If you are one of those well-rested, or otherwise non-morning folk like myself, I tell you, if you need a change in your life, start doing mornings. They’re terrific. The toast. The coffee! The coolness of the air that reminds you of a different country. It feels like a miracle when you start to wake up of your own accord, preempting the alarm as though interrupting a pesky coworker with exactly the words they were about to say. And perhaps the best part is saying “good morning” to anyone you’d like to—more valuable than any of the other salutations because its truthfulness is running out a short clock until noon.
Although it took me four years to get to this point, I like the feeling of getting up and going about a part of the day I haven’t explored as fully here as the hours after 10 p.m. There’s two weeks left, but still plenty of things I haven’t done—or at least haven’t done when the sun is still sleepy. It is all lovely and I am glad to have rediscovered it lately, out of necessity for more hours spent in the library. I would say that the morning is the most pure and honest time of day, but there are many cases when this isn’t true at all. When I wake up I’m often filled with worries and anxieties that never come to pass. I’ve told lies before 9 a.m. The trustworthy toaster will sometimes fail to work or—worse—burn.
But there is still a reason why manic pixie dream girls of movies say things like, “I just woke up one morning and I knew.” Why science has proven it’s the home of productivity and why the meals are called the most important (but I don’t buy that garbage because lunch is obviously much more fun). The morning always shows up, in a sharp and declarative way that doesn’t apply to the rolling hills of afternoon or the blues of night. You must be dropped into it from sleep, from above.
In the penultimate episode of Aziz Ansari’s excellent Netflix show “Master of None,” titled “Mornings,” features vignettes of Aziz’s character Dev and his girlfriend Rachel, played by Noel Wells, at various stages in their relationship one daybreak at a time. I liked this episode because it was romantic and real and very very funny. But also because of the way it is set up to have the reference point of progress and change be the very start of each of those days. It’s not quite through a direct comparison of one morning to another, but a linkage of a series of earliness that shows you the phases of their life through seasons.
I think about this because my last morning on this campus is approaching. Like a lot of lasts, it’s something that’s happened many times here but for some reason the significance is assigned to the bookend. I lost track of the number of games I saw in Cameron or how many bylines I’ve had in The Chronicle, seen Elmo’s from every table and run a couple dozen Recess production nights. But I know the number has to stop running up soon, and for each of those token experiences, I am cashing in for the last time either this week or next.

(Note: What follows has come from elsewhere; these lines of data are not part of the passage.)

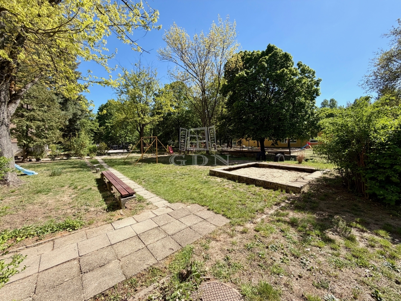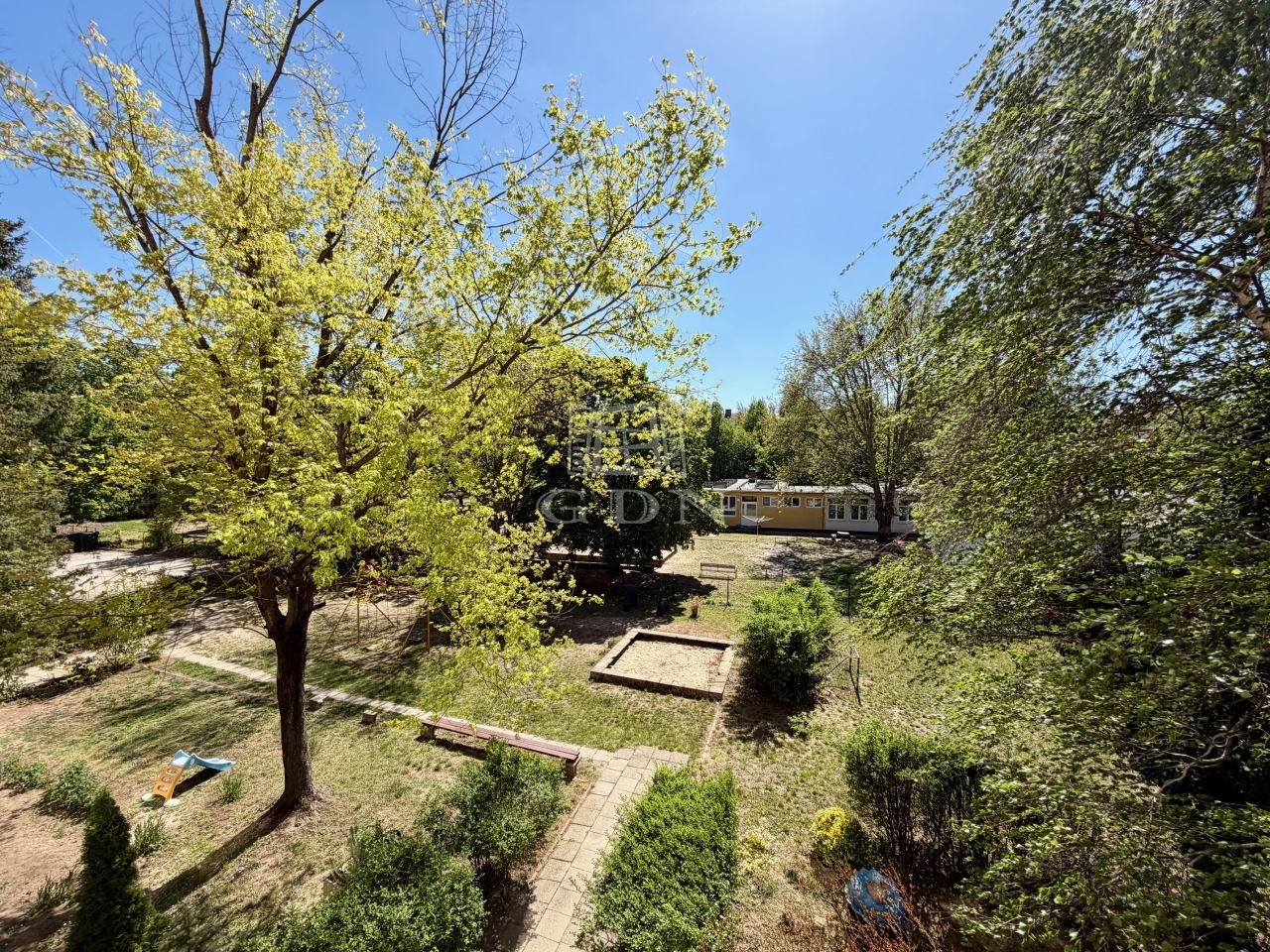 A társasház mögött, saját elzárt terület található, parkosítva, kis játszótérrel kialakítva, gyerekeseknek tökéletes választás.
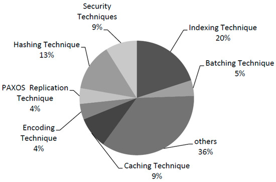The data is collected on the basis of data collection terms, as shown in Table 4. Then, data is organized into different classes on the basis of the main concepts in the domain of this study (see Table 5). We presented the data integration regarding the quality attributes, research challenges of key-value stores, and the related results. The techniques and strategies used by various studies are listed in Table 6. The algorithms used by researchers to provide the solutions of challenges are also extracted. The algorithm-based solutions are organized in the form of a table, as shown in Table 7. We perform analysis in order to categorize the collected data. The classes were extracted from the reviewed literature on the basis of our research questions. If one study addressed more than one challenge, then we mentioned that study in only one class. Figure 5 shows the classification of reviewed literature on KVS.
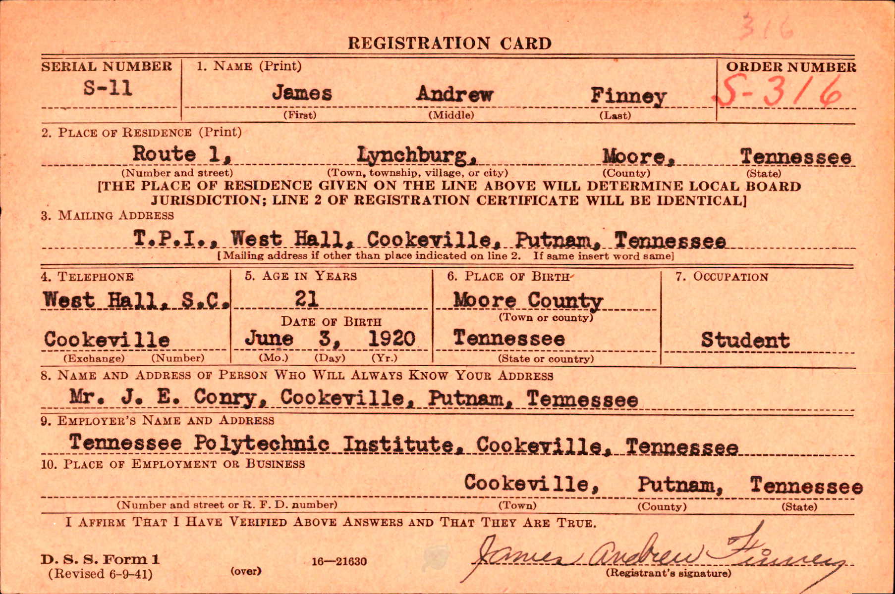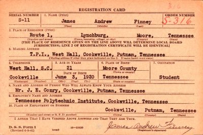 James Andrew Finney was born in Moore County, Tennessee, the son of Walter Crawford Finney and Huldah Massey. Husband of Emogene Swallows.
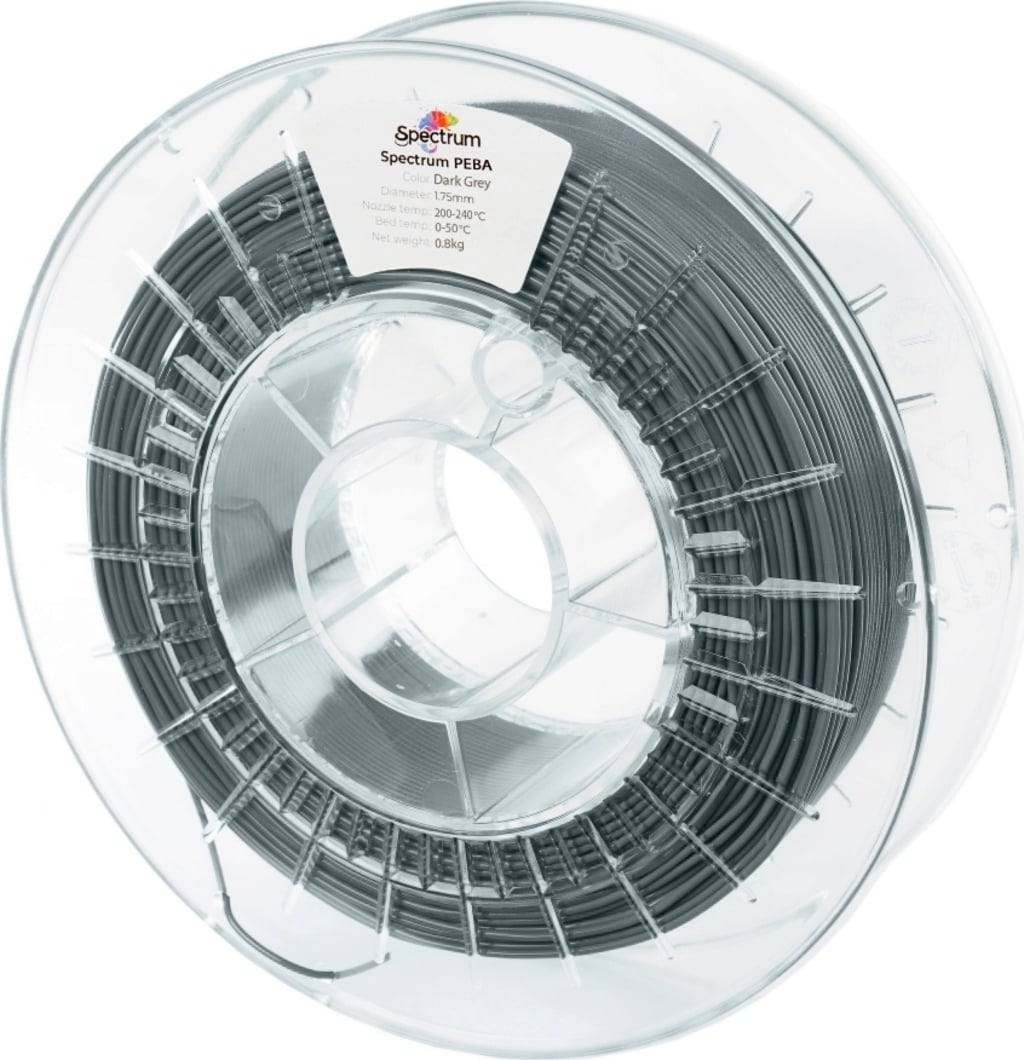Spectrum PEBA je technicky sofistikovaný, pružný prémiový filament na báze Polyether-Block-Amid- kopolyméru, ktorý bol vyvinutý pre aplikácie vyžadujúce vysokú elasticitu, dynamickú odolnosť a spoľahlivé mechanické vlastnosti. Jeho špecifická molekulárna štruktúra kombinuje flexibilitu elastomérnych materiálov s rozmerovou stabilitou technických plastov, čím ponúka vyššiu odolnosť, nižšie tlmenie a lepší rozptyl energie v porovnaní s TPU.
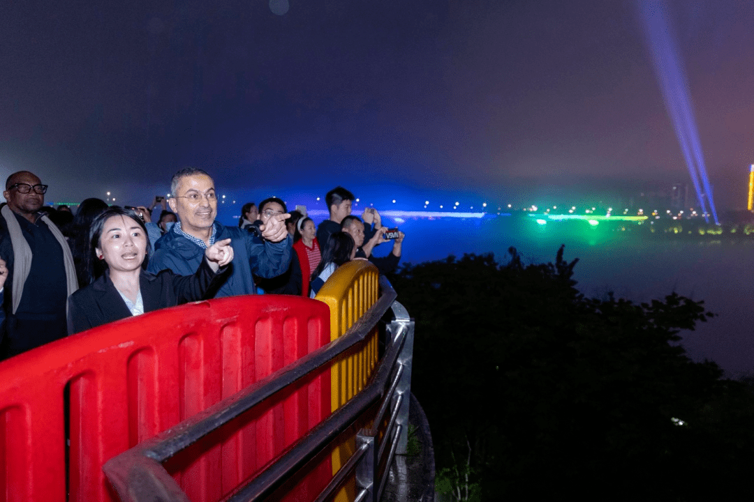5月3日,哈列德主席一行马不停蹄地奔赴十堰丹江口市,在丹江口市委常委、市委组织部部长刘庆海等领导的陪同下,在千岛画廊、碧水连天、沧浪之光、旅游港等景区,都留下了哈列德主席探访的足印,夜幕降临时分,和太极集团投资运营的世界级大型舞台秀《太极图》、如梦似幻的“夜游汉江”灯光秀、“水都花月夜”均州不夜城流光溢彩、美轮美奂,引得哈列德主席赞不绝口。

But counterintuitively, these last-ones, both the happening and the already happened, don’t always carry the extra weight that an ending should. In some cases I am packed and ready to go about the rest of the great big day that is life. Like in the candid glimpses of Dev and Rachel, the biggest days or worst or best were not the last. Their story was in mornings over time—that is, over one episode—in the way that the mornings here in Durham have done for me.
I think about the many places I have started a morning since coming to Duke—more than a few in The Chronicle lounge; K-ville tents; the forests of Pisgah National Park; futons of various levels of comfort; a pillow fort; the Pegram common room. I think about every cold basketball fan, PWILDing and each of my six different roommates I woke up next to. I think about the mornings I missed by sleeping in and the ones that arrived undetached from the unraveling scroll of the night before.
And on May 16 I will wake up in my Anderson Street apartment and no longer be a Duke student. But that isn’t the morning that matters as much.
Georgia Parke is a Trinity senior and Recess Editor.